We have had Madelyn in and out of swim lessons since she was two. Since January of this year, she has been in weekly hour-long lessons in an attempt to help her overcome her fear of leaving the edge of the pool without someone holding her. Unfortunately, there were some incidents when she first began taking swimming lessons that likely contributed to this fear. Troy and I’s “sermons” about not letting fear rule her life were (unsurprisingly) having little impact.
It turns out that I should have been giving the sermons to myself first. . .

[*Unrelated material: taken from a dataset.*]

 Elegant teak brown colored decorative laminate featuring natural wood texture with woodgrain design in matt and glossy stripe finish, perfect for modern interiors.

A few weeks ago, I had a particularly bad day while preparing some things for my return to work. Madelyn called me out on my attitude and questioned me on why I had such a bad attitude. I told her I needed to calm down and think about it, but then later that night I was able to confess to her that really it came down to fear. I was afraid that things were not going to go well when I headed back to work! I apologized to Madelyn for letting fear get the better of me and promised to work on not letting that fear rule me. Then she surprised me by commenting that perhaps she could work on her fear of the pool too.

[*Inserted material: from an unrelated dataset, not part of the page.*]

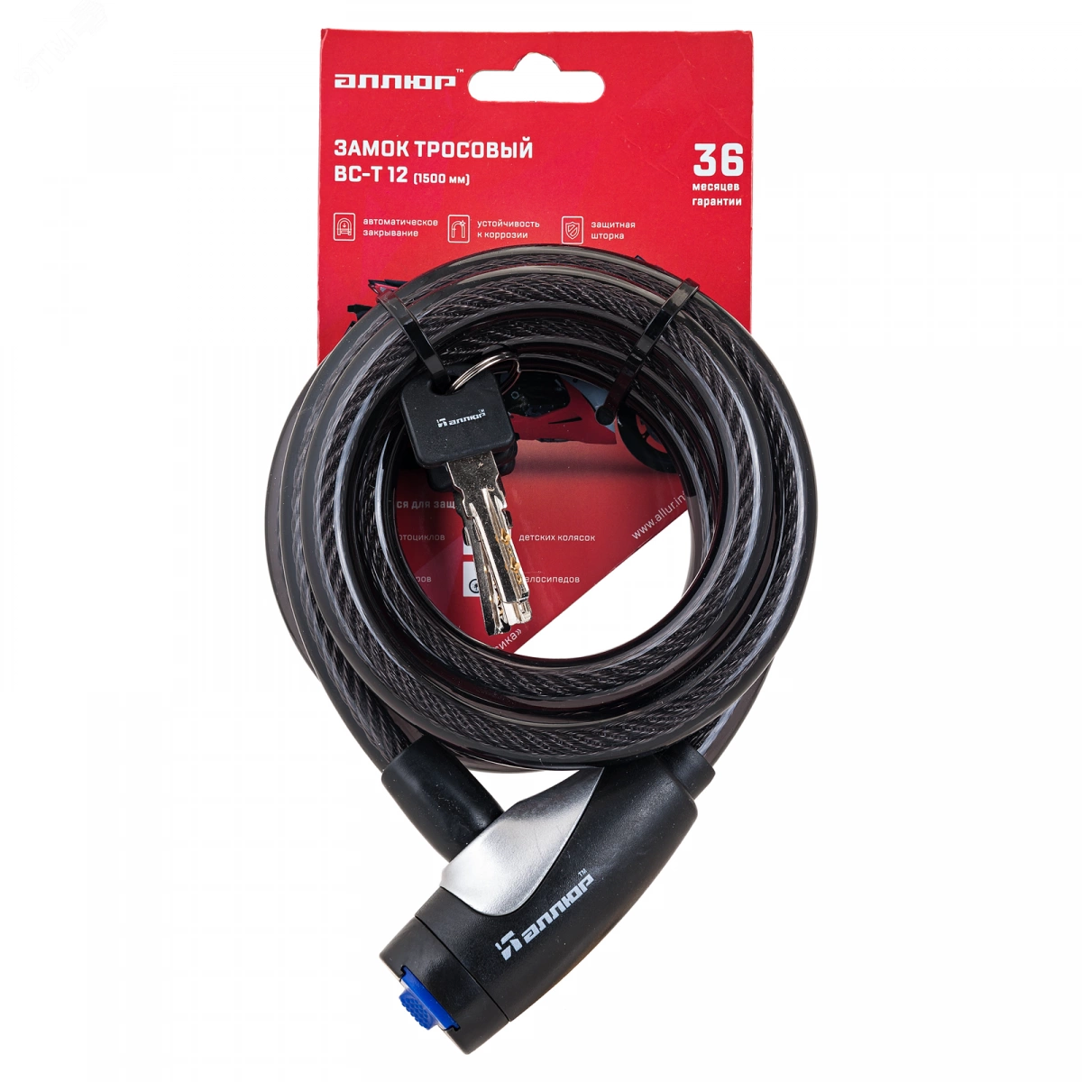 Замок навесной с тросом, АЛЛЮР ВС-Т 12 (1500мм) черный

When her next swimming lesson came, we talked about conquering our fears again. I anxiously watched during her lesson for any sign of change and will admit that I was a little disappointed when I saw none. But then, at the very end of her class that day, as her instructor was trying to guide her across the pool on her back, Madelyn’s arm shot out of the pool in a balled up fist. She started shaking her fist and shouting, “NO FEAR! NO FEAR!” Her instructor looked a little bewildered as she climbed out of the pool after that. Madelyn reported that it had been a great class and that, the next week, she was going to jump in.
Sure enough – she did jump in the next time. AND did the back float all on her own. I caught it on video the second time:
Two weeks after that, Madelyn delayed when the instructor asked her to do her back float. I got a little nervous for her, thinking that maybe we were going to be taking two steps forward, one step back. It turns out that Madelyn was delaying because she was explaining to her instructor that she wanted to graduate to the next class and needed to know what she had to do. He explained that she would need to do her back and front floats unassisted, and Madelyn told him that she could. The instructor called the head coach over to observe and Madelyn graduated within two minutes. I was floored and near tears. It was absolutely amazing to see that happen, knowing the deep-seeded fears Madelyn had to conquer to get there.
I asked Madelyn afterward if she was nervous when she did her test for the head coach. She said she was not, but that instead she was “interested.” I asked her what made her “interested.” She replied, “Well – I wanted to see what would happen.” And if that didn’t just teach me a bunch of life lessons, I don’t know what will.